I absolutely love soup and enjoy fixing it year round. I consider it
the ultimate lunch, regardless of whether it is a light fare or approaching a
hearty stew. Pair soup with a rustic bread and a green salad and dinner is
served.
Sweet corn being one of my favorite seasonal vegetables and the very essence of summer, I couldn't wait to create this easy summertime chowder. Growing up on
dairy farms, both Corey's and my family use to plant acres and acres of
corn for silage for the milk cows. Unfortunately field corn is not the
same as sweet corn. It is exponentially tougher and without the sweet, tender flavor that makes even the most proper of us eat it like we are manual typewriters. The solution?
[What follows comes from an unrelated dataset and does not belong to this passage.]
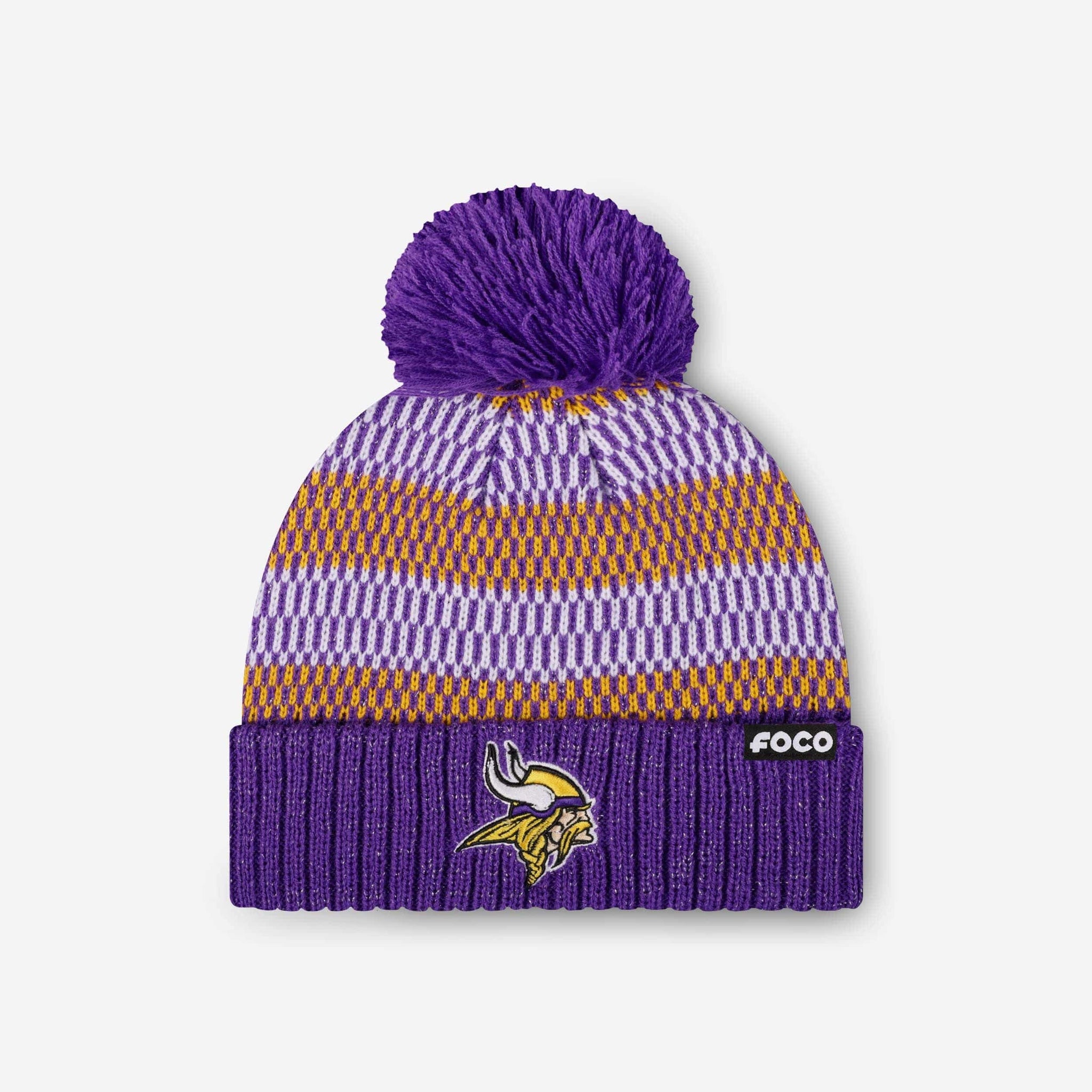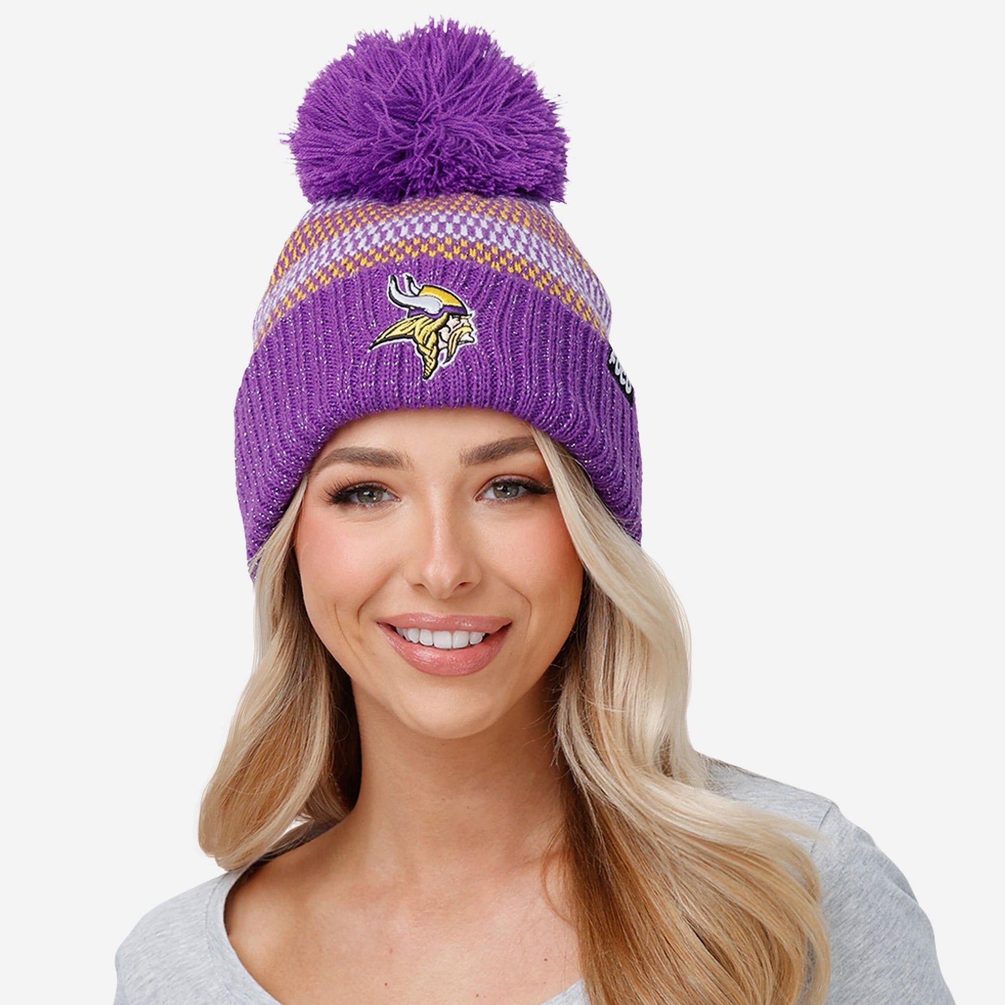 Putting together the ultimate fit for the tailgate and beyond? Make sure to get your head in the game with the Minnesota Vikings Women's Cozy Knit Metallic Thread Pom Beanie!

Our families always planted two rows of sweet corn around the outside of the corn fields.
Summer Corn Chowder |
Fresh Corn |
I typically use a chicken stock as the base for most of my chowders, but for this yummy summer soup, I decided to kick up the flavor with a homemade corn broth. Should you prefer, you can always substitute low salt chicken stock for the corn stock.
Summer Chicken
Chowder
6 ears of
corn on the cob
7-8 cups of
corn stock
6 strips of
bacon
2 stalks of
celery, diced
½ small
onion, diced
5 medium
potatoes, peeled and diced
½ teaspoon
of dried thyme
1 ½ cups
light cream
Salt &
pepper, to taste
1 small
tomato, diced
4-5 basil leaves,
chiffonade
Place corn
in a large pan, add enough water to cover. Boil for ten minutes. Remove corn,
let cool. Reserve water.
Once the
corn is cool enough to handle, use a sharp knife and cut corn off the cob. Use
the back of your knife and run the knife up and down the cob to remove the last
bits of corn clinging to the cob. Put corn in a sealed container and refrigerate
until ready to use. Use cobs to make corn stock (see below).
Slice bacon
into 1” pieces. Add to large soup pan and cook over medium heat. Cook until
bacon is crisp but not burnt. Remove half of the bacon and set aside for
garnish. If there is more than 2-3 tablespoons of grease in the pan, drain
extra grease.
Add celery
and onions. Cook until soft. Add thyme to mixture and stir for 1 minute
allowing herb to infuse oils in pan.
Add corn,
potatoes, and stock to pan (if necessary add chicken stock to corn stock to
make approximately 7 cups). Reduce heat to medium low and simmer for 1 hour or
until potatoes are tender.
Once
potatoes are tender add cream. Continue cooking over low heat until warm. Add
salt and pepper to taste.
Place
chowder in bowls. Top with fresh diced tomatoes, bacon, and basil.
Tip: Cream
tends to curdle if add to piping hot stock. This can be prevented by tempering the
cream. First place cream in a large bowl. Add a small amount of hot soup slowly
and stir. Continue adding small amounts until cream is the same temperature as the
soup. Once warm, add to the soup.
The heavier
the cream the less likely it will be to curdle. If you need to reheat soup
later, remember to heat over low heat slowly as heating too fast can cause the
cream to break.
Note: Due to the cream and potatoes, this soup does not hold up well to freezing.
Corn Stock
Reserved water (see above)
6 corn cobs,
kernels removed
1 bay leaf
3 sprigs of
thyme
3-4
peppercorns
Add corn cobs
to the reserved water from cooking corn. Add additional water if necessary so
that cobs are covered. Add bay leaf, thyme, and peppercorn. Simmer over medium
heat for 1 ½ hours.
Strain,
discard solids, and refrigerate or freeze until ready to use.
Corn stock
is excellent in soups, risotto, or any recipe calling for vegetable stock.